§ **Records for this task**
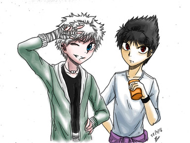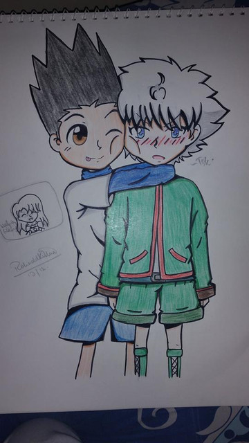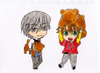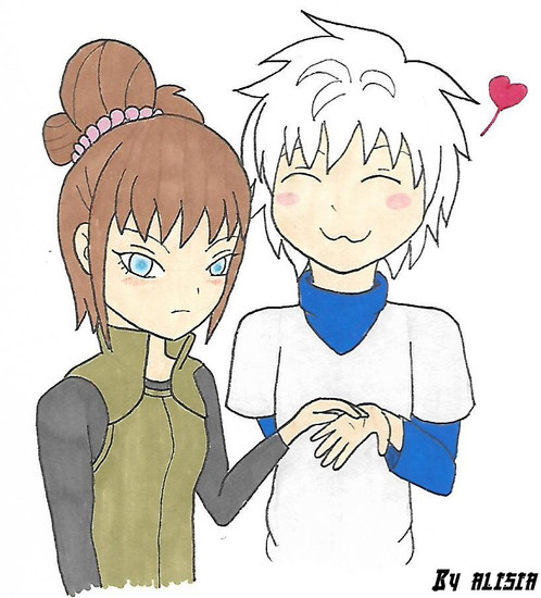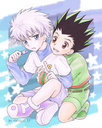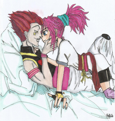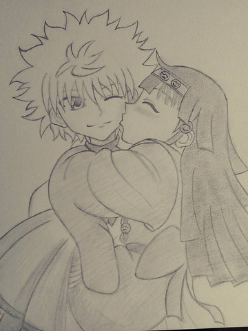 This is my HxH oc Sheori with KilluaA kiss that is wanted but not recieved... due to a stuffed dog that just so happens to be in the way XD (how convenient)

---

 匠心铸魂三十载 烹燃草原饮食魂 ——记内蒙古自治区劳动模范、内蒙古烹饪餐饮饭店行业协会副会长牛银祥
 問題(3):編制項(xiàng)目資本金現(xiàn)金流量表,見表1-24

§ **Exercise objective**
Return exactly, and only, the lines above starting at the line that contains "匠心铸魂三十载 烹燃草原饮食魂 ——记内蒙古自治区劳动模范、内蒙古烹饪餐饮饭店行业协会副会长牛银祥" and ending at the line that contains "問題(3):編制項(xiàng)目資本金現(xiàn)金流量表,見表1-24".

§ **Problem solution**
 匠心铸魂三十载 烹燃草原饮食魂 ——记内蒙古自治区劳动模范、内蒙古烹饪餐饮饭店行业协会副会长牛银祥
 問題(3):編制項(xiàng)目資本金現(xiàn)金流量表,見表1-24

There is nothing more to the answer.